TASK DIRECTIONS:
Word for word, please restate each record and pass over the pictures.

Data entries
☆ ☆ ☆ ☆ ☆
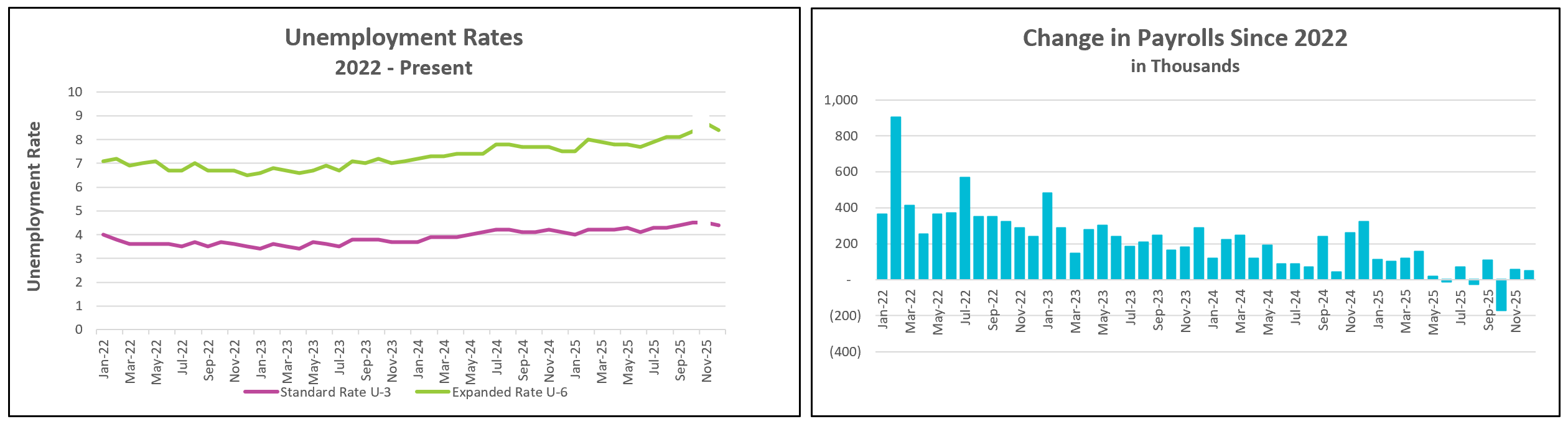 Federal government employment also increased modestly, rising by 2,000 in December; however, federal payrolls have decreased by 277,000 since December 2024, following the initiation of broad government cutbacks. The graph below compares increases in the sectors we follow the most closely in 2024 and 2025.
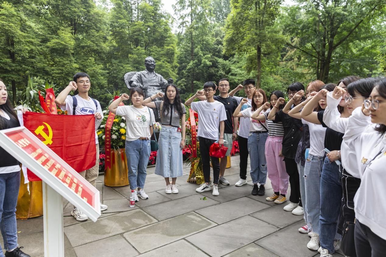 同志们在邓小平铜像广场缅怀了伟人丰功伟绩,重温了入党誓词,并由毕业生党员代表赵珊、邓云松同志分别分享了党史小故事及研究生三年来的党员感悟。
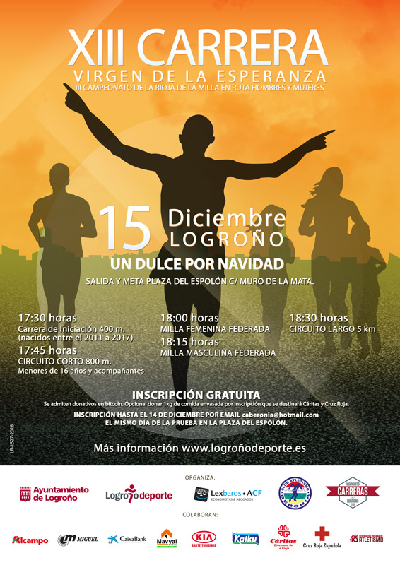 El 15 de diciembre (sábado) en el paseo de Del Espolón con C/Muro de La Mata a las 18:30 horas se celebrará la XIII Carrera Virgen de La Esperanza que a su vez,es Campeonato de La Rioja de Milla tanto masculina,como femenina para atletas con licencia federativa.La prueba es de 5 kilómetros en la prueba larga,aunque antes,desde las 17:30 hay prueba para categorías inferiores mas la milla.La incripción es gratuita y se admite un donativo de un kg de alimentos que se destinará a Cáritas y a Cruz Roja.
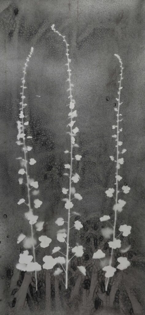 Fulya Çetin’in eserleri, doğayla insan bedeni arasındaki çizgiyi belirsizleştiriyor. Yumuşak renkler, akışkan formlar ve yer yer bilinçdışıyla temas kuran imgeler, seyirciyi tanıdık bir yabancılığa davet ediyor. Seyirci olarak gözümüzü kimi zaman toprakta, kimi zaman insan bedeninde; kimi zaman bitkisel olanın, kimi zamansa düşsel olanın çevresinde gezinirken buluyoruz. Bu eserler, doğanın sadece arka plan olmadığını, insan ve insan olmayan sayılamaz çoklukta faili kuşattığını hatırlatıyor.
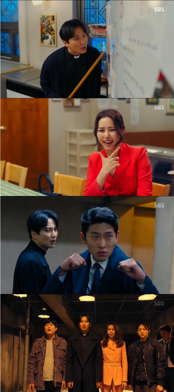 12일 오후 방송된 SBS 금토드라마 '열혈사제'(극본 박재범, 연출 이명우, 제작 삼화네트웍스)에서는 구담 어벤져스 멤버들과 황성범(고준 분)이 비밀 금고 안에 갇히는 모습이 그려졌다.
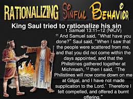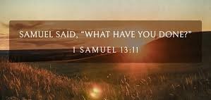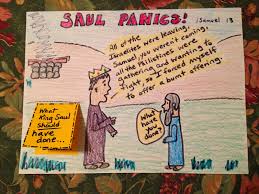 But King Saul grew tired of waiting for Samuel to instruct him about the battle at hand. Samuel delayed, and Saul’s men began to desert. Saul, in panic which leads to fool hardy actions, he did the unthinkable—took Samuel’s place as priest and offered a sacrifice to the Lord only to seek God’s good favor in battle. Saul took the situation into his own hands.
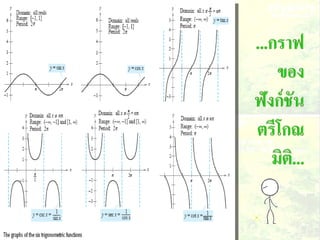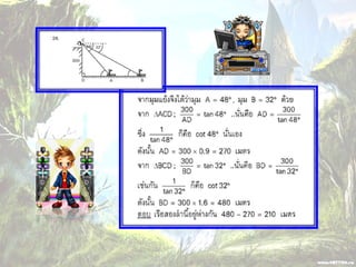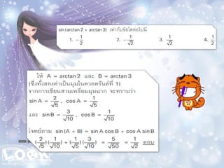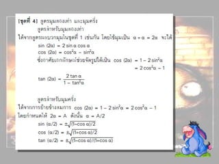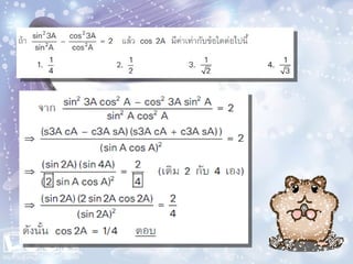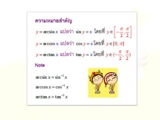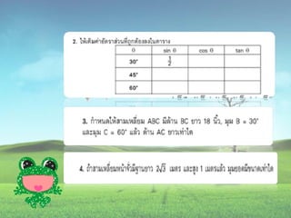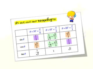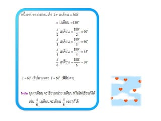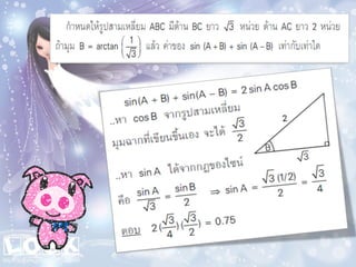 1. 0< sin A < 1 และ cosec A > 1 2. 0 < cos A < 1 และ sec A > 1 3 . sin ( A + B ) sin A + sin B ( sin A )( sin A ) = (sin A) 2 = sin 2 A sin A 2 5. sin A = cos ( 90 – A ) 6. cos A = sin ( 90 – A ) 7. tan A = cot ( 90 – A ) 8. sec A = cosec ( 90 – Am)
☆ ☆ ☆ ☆ ☆
RESULT FOR THIS EXERCISE:
 Federal government employment also increased modestly, rising by 2,000 in December; however, federal payrolls have decreased by 277,000 since December 2024, following the initiation of broad government cutbacks. The graph below compares increases in the sectors we follow the most closely in 2024 and 2025.
 同志们在邓小平铜像广场缅怀了伟人丰功伟绩,重温了入党誓词,并由毕业生党员代表赵珊、邓云松同志分别分享了党史小故事及研究生三年来的党员感悟。
 El 15 de diciembre (sábado) en el paseo de Del Espolón con C/Muro de La Mata a las 18:30 horas se celebrará la XIII Carrera Virgen de La Esperanza que a su vez,es Campeonato de La Rioja de Milla tanto masculina,como femenina para atletas con licencia federativa.La prueba es de 5 kilómetros en la prueba larga,aunque antes,desde las 17:30 hay prueba para categorías inferiores mas la milla.La incripción es gratuita y se admite un donativo de un kg de alimentos que se destinará a Cáritas y a Cruz Roja.
 Fulya Çetin’in eserleri, doğayla insan bedeni arasındaki çizgiyi belirsizleştiriyor. Yumuşak renkler, akışkan formlar ve yer yer bilinçdışıyla temas kuran imgeler, seyirciyi tanıdık bir yabancılığa davet ediyor. Seyirci olarak gözümüzü kimi zaman toprakta, kimi zaman insan bedeninde; kimi zaman bitkisel olanın, kimi zamansa düşsel olanın çevresinde gezinirken buluyoruz. Bu eserler, doğanın sadece arka plan olmadığını, insan ve insan olmayan sayılamaz çoklukta faili kuşattığını hatırlatıyor.
 12일 오후 방송된 SBS 금토드라마 '열혈사제'(극본 박재범, 연출 이명우, 제작 삼화네트웍스)에서는 구담 어벤져스 멤버들과 황성범(고준 분)이 비밀 금고 안에 갇히는 모습이 그려졌다.
 But King Saul grew tired of waiting for Samuel to instruct him about the battle at hand. Samuel delayed, and Saul’s men began to desert. Saul, in panic which leads to fool hardy actions, he did the unthinkable—took Samuel’s place as priest and offered a sacrifice to the Lord only to seek God’s good favor in battle. Saul took the situation into his own hands.
 1. 0< sin A < 1 และ cosec A > 1 2. 0 < cos A < 1 และ sec A > 1 3 . sin ( A + B ) sin A + sin B ( sin A )( sin A ) = (sin A) 2 = sin 2 A sin A 2 5. sin A = cos ( 90 – A ) 6. cos A = sin ( 90 – A ) 7. tan A = cot ( 90 – A ) 8. sec A = cosec ( 90 – Am)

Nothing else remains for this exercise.